═══ Given records ═══

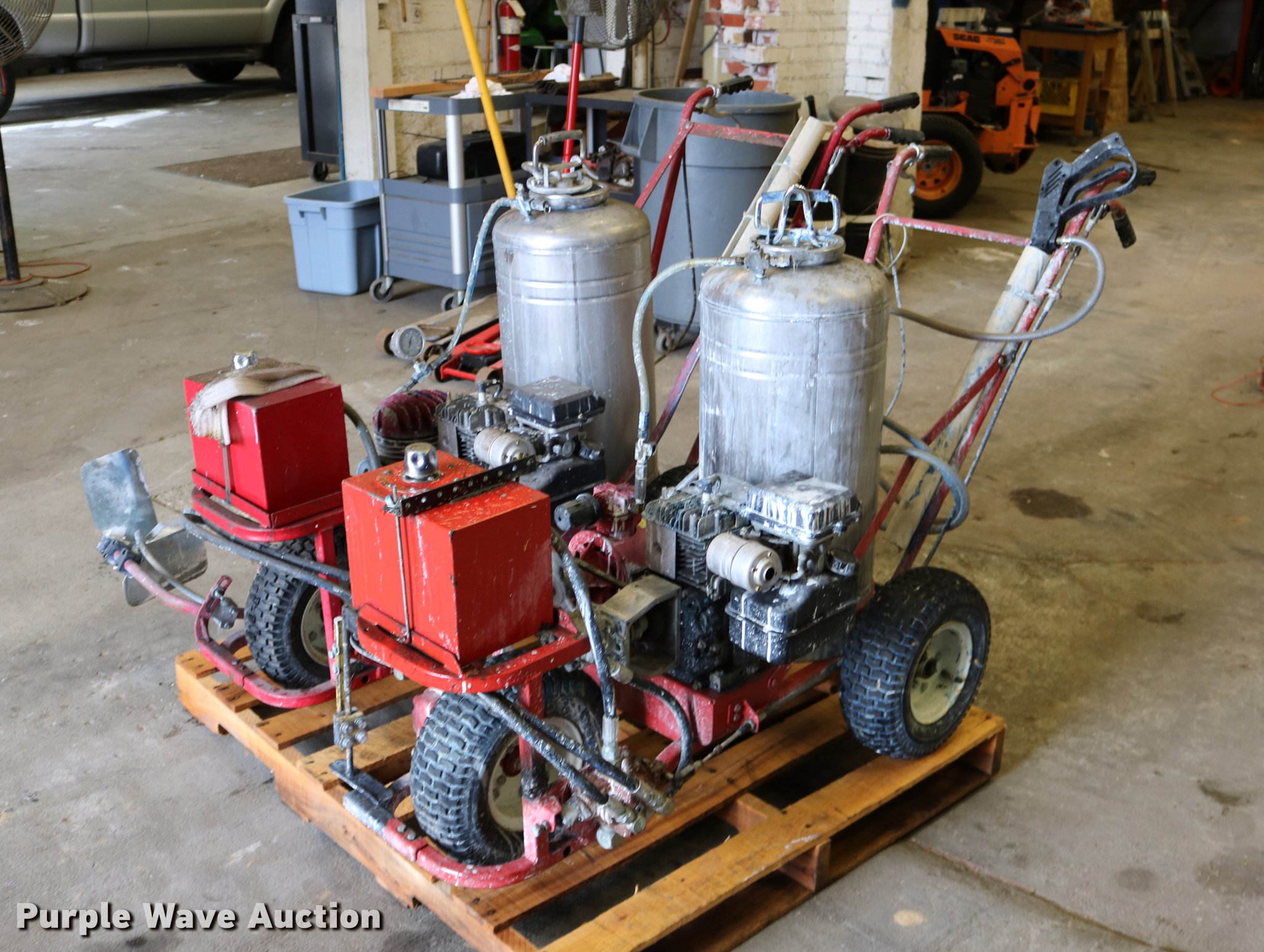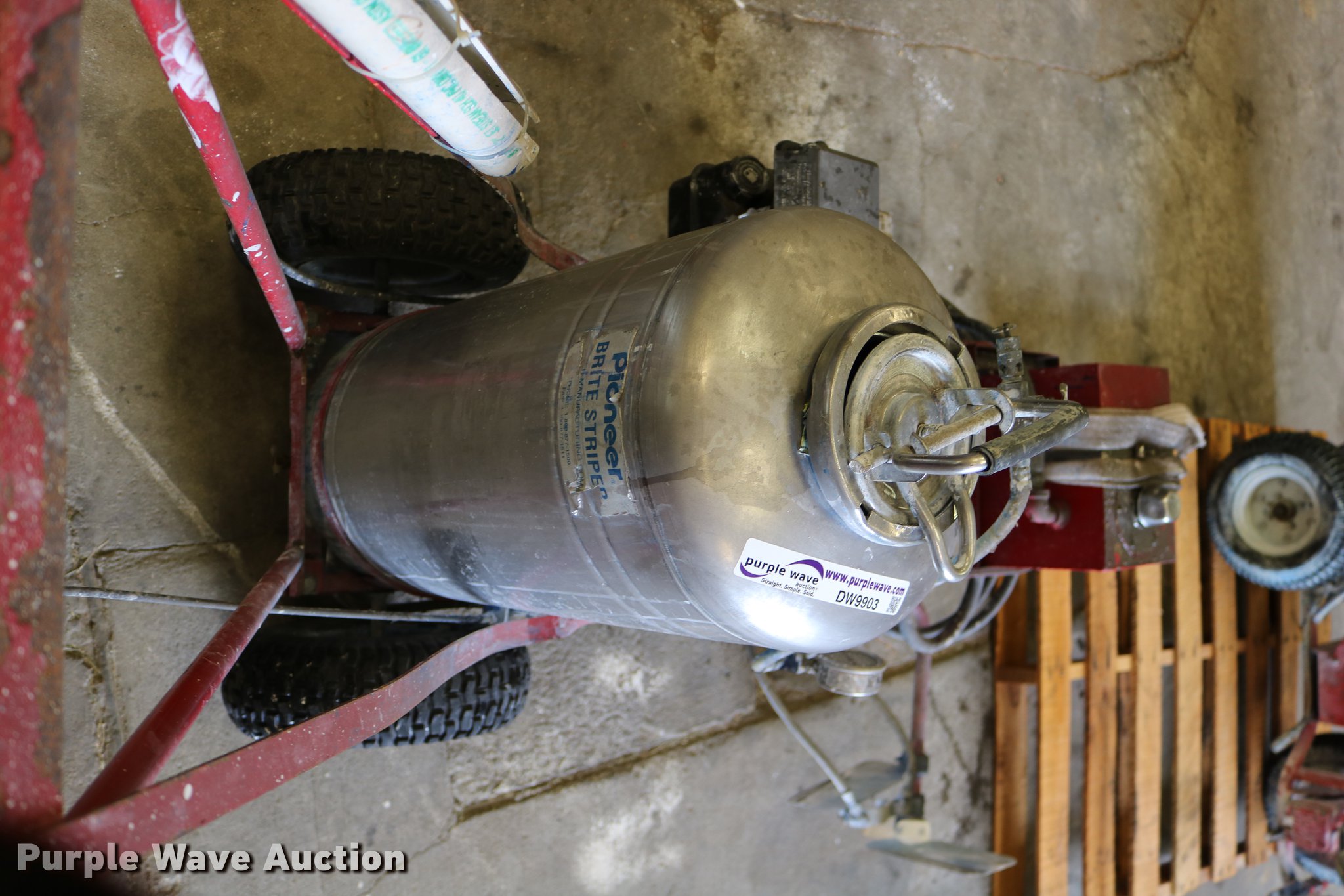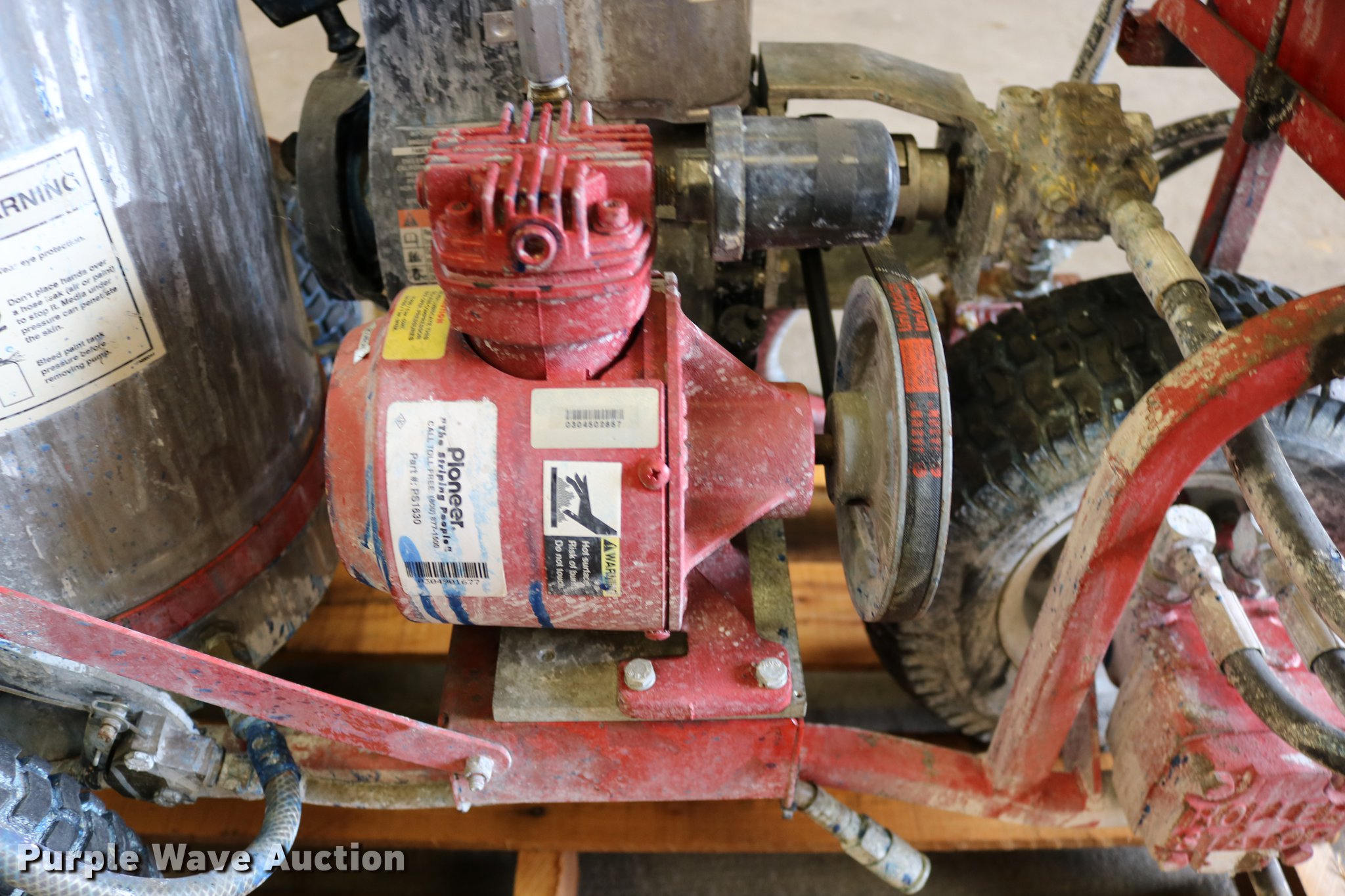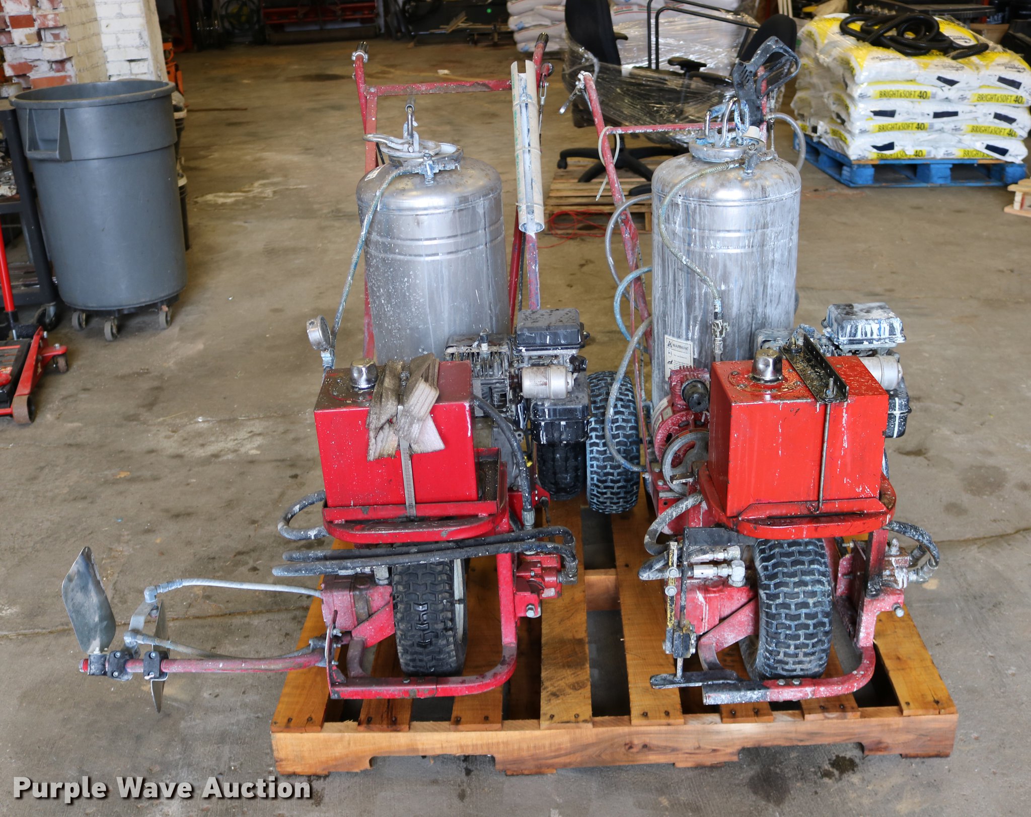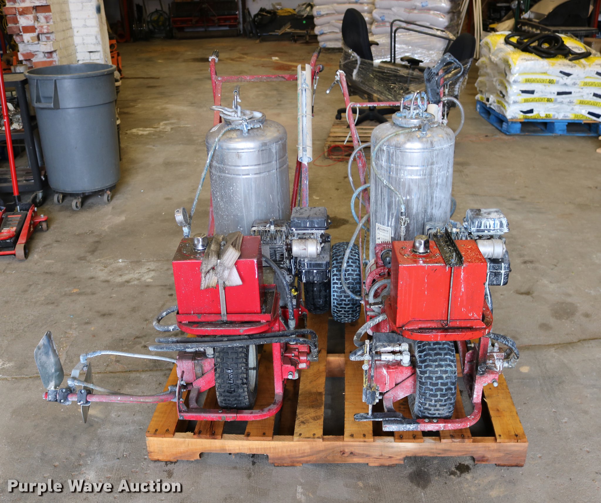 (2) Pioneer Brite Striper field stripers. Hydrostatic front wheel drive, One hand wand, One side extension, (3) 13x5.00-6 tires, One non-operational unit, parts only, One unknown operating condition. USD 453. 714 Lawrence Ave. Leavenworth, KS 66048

═══
═══ Given records ═══

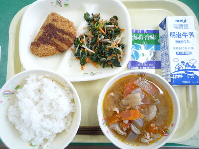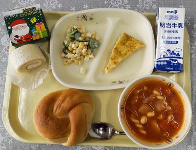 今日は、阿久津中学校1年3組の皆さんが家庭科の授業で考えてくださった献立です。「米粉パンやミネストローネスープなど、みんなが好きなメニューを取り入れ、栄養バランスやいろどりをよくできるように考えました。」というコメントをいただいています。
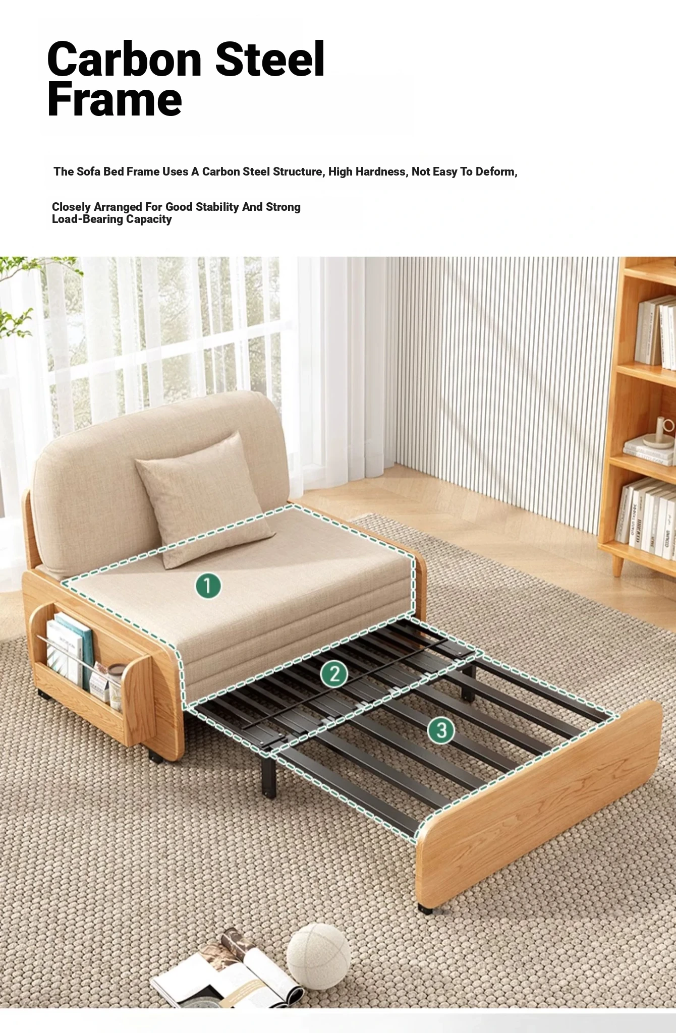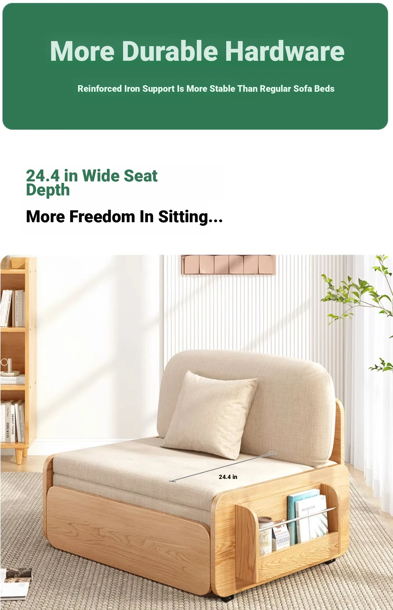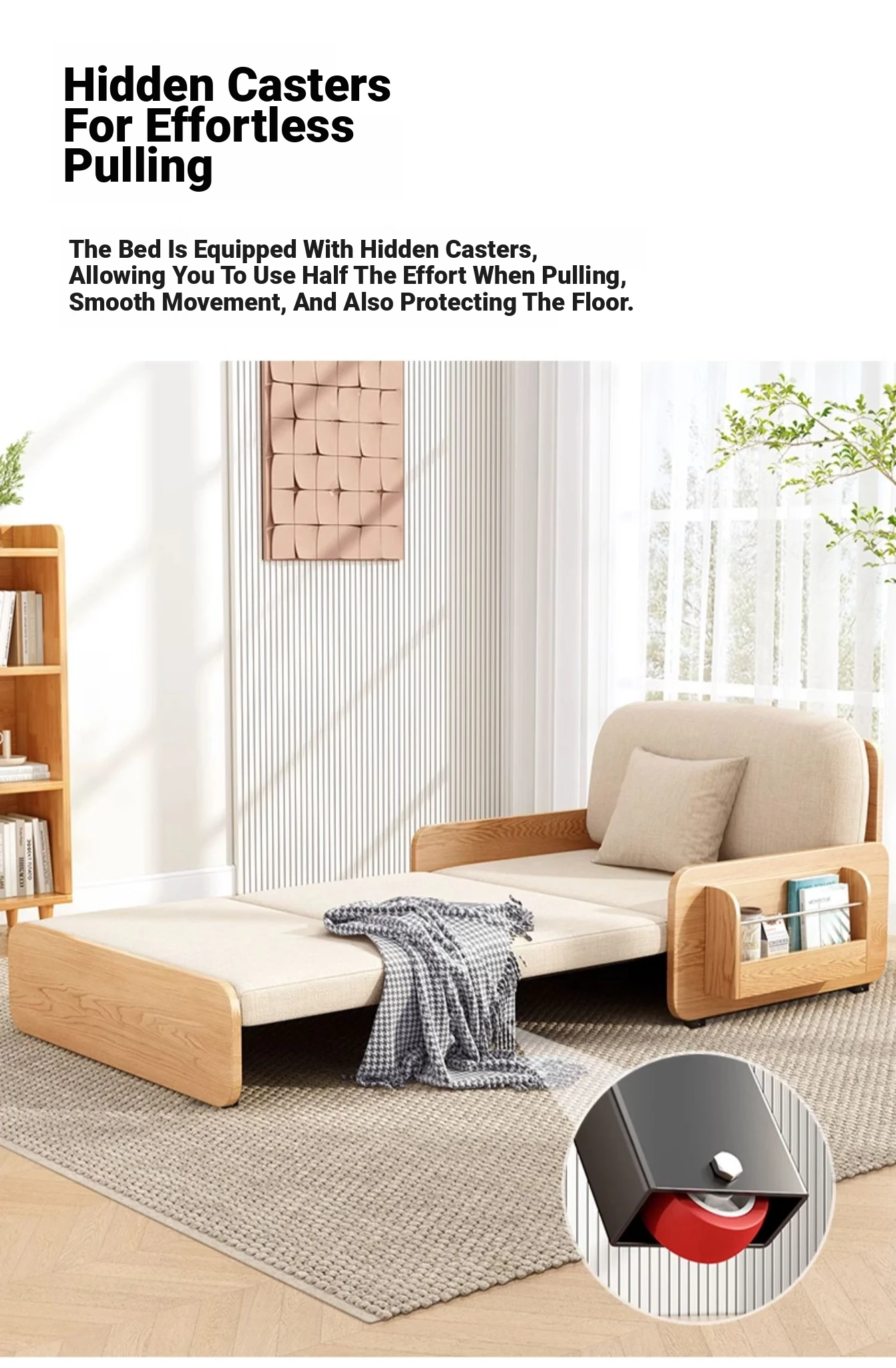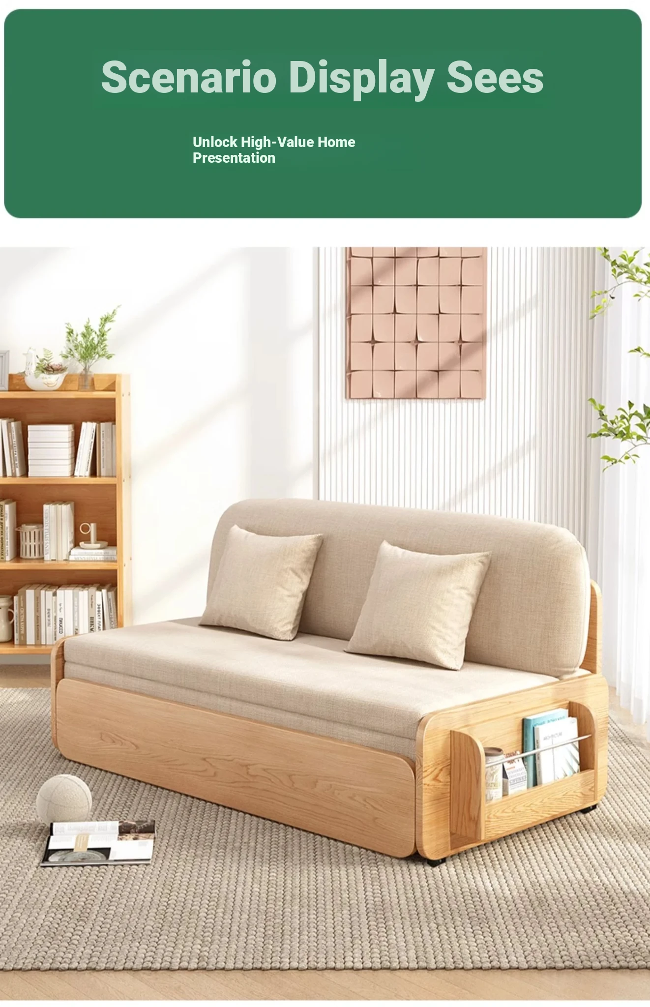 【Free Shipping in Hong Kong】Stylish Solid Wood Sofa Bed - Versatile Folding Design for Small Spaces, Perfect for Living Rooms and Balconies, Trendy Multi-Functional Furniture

═══

→ **Exercise details**: Retype only the lines above from the one with "今日は、阿久津中学校1年3組" through the one with "Trendy Multi-Functional Furniture", exactly and with both ends. Images stay out.

→ **Reply to the exercise**:
 今日は、阿久津中学校1年3組の皆さんが家庭科の授業で考えてくださった献立です。「米粉パンやミネストローネスープなど、みんなが好きなメニューを取り入れ、栄養バランスやいろどりをよくできるように考えました。」というコメントをいただいています。
 【Free Shipping in Hong Kong】Stylish Solid Wood Sofa Bed - Versatile Folding Design for Small Spaces, Perfect for Living Rooms and Balconies, Trendy Multi-Functional Furniture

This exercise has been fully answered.